[RECORDS FOR THE TASK]

------------------------------------------------

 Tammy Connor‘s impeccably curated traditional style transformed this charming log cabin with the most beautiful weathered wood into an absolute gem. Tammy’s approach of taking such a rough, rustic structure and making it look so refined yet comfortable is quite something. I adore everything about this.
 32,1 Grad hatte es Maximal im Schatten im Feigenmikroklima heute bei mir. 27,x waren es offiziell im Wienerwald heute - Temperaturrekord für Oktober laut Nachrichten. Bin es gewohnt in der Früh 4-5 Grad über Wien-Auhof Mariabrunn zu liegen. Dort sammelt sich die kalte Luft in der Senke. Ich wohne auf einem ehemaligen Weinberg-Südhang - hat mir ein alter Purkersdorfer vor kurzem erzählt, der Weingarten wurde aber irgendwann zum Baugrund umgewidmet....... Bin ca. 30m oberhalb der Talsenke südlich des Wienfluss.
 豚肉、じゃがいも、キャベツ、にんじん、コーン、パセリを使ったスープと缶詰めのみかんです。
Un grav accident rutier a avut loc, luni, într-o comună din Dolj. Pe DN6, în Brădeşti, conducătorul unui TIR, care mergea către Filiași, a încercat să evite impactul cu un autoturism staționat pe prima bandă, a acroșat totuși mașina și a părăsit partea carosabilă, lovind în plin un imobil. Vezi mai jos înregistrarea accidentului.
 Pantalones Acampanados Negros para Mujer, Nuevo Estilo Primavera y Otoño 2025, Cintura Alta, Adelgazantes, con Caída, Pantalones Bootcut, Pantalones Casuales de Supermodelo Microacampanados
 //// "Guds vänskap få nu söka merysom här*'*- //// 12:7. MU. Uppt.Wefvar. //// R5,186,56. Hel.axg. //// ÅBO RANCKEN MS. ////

------------------------------------------------

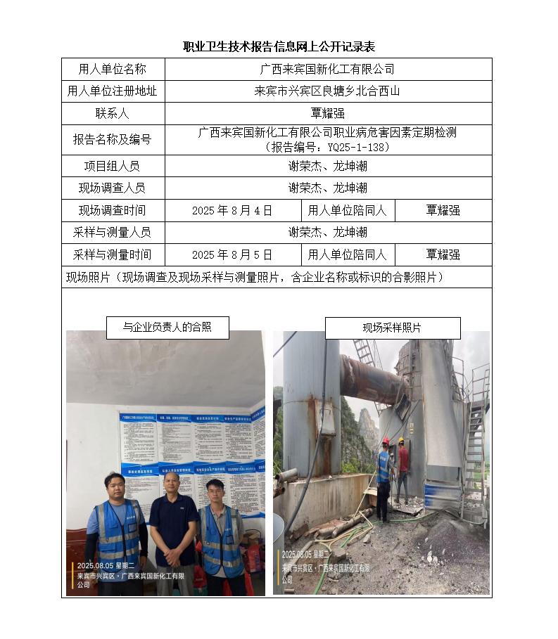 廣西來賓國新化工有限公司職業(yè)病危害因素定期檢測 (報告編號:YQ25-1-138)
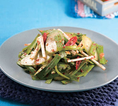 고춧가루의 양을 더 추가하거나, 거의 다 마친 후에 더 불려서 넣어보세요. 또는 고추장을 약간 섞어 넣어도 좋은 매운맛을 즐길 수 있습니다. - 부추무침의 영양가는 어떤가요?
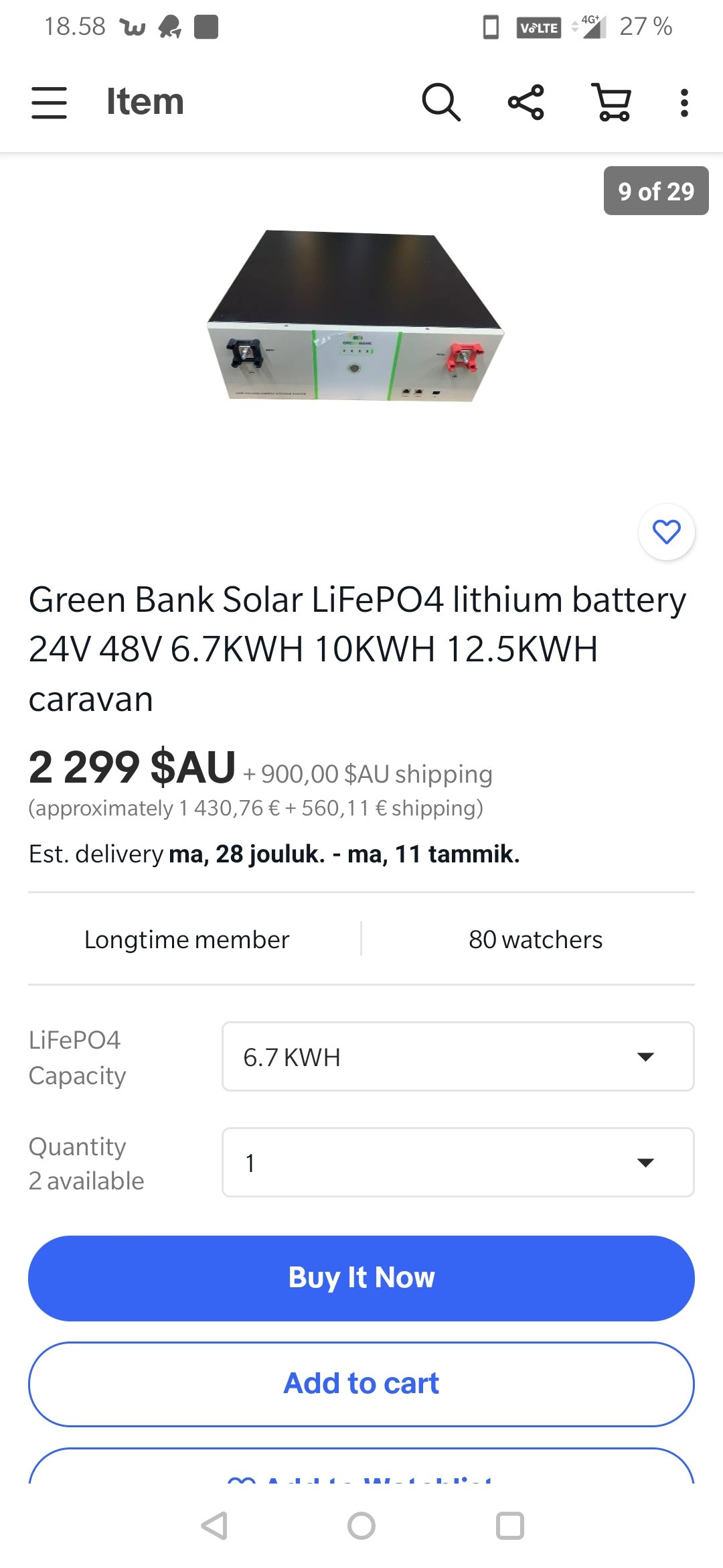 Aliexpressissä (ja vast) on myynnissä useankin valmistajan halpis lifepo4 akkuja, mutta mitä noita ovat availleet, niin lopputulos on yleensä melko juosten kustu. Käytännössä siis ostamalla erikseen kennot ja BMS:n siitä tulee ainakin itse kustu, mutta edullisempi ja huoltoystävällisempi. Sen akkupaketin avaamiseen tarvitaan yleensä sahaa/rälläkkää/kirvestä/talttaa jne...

------------------------------------------------

[EXERCISE AIM]
Using the entries above, extract exactly the span from the line with "Pantalones Acampanados Negros" to the line with "RANCKEN MS. ////", both lines included; leave out everything else.

[WRITTEN SOLUTION]
 Pantalones Acampanados Negros para Mujer, Nuevo Estilo Primavera y Otoño 2025, Cintura Alta, Adelgazantes, con Caída, Pantalones Bootcut, Pantalones Casuales de Supermodelo Microacampanados
 //// "Guds vänskap få nu söka merysom här*'*- //// 12:7. MU. Uppt.Wefvar. //// R5,186,56. Hel.axg. //// ÅBO RANCKEN MS. ////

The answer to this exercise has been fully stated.